Opinion: Agencies Need More Reliable Authentication to De-Weaponize Stolen Data During SolarWinds Breach
Tom McNeal, vice president of the partner channel and public sector for Neustar, emphasized the need to de-weaponize the civilian data released during the SolarWinds hack.
At the hands of cyber actors, personally identifiable information could be further exploited to launch new attacks, McNeal wrote in an opinion piece published by Nextgov.
To de-weaponize stolen data, he said federal agencies should adopt more effective authentication practices and not be over-reliant on the use of knowledge-based authentication.

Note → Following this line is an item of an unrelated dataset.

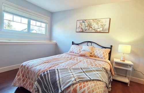 This is a two-story house. The first floor is the living room, dining room and study. The second floor is 4 bedrooms and a laundry room. The tableware, kitchenware and seasonings are very complete. The living room is equipped with an XBOX game console and a network TV. It is very suitable for business trips and family stays.

According to McNeal, KBA is a non-effective authentication method since it relies on basic questions that are easily answerable by identity thieves.
Citing a National Institute of Standards and Technology guideline, he noted that KBA has been deemed to have an unacceptably high risk of successful use by attackers given the ease with which they can supply the answers to questions and the relatively small number of possible choices for many of them.
McNeal said several alternatives are already being used in the private and public sectors.
In his opinion, device-based identity verification is a standout means of authentication as it provides an integrated view of identity and identity reputation based on the data inherent to the device itself.
He added that using device-based identity resolution solutions can inform agencies whether a device has been linked to unsafe behaviors in the past or if it is in the possession of its owner.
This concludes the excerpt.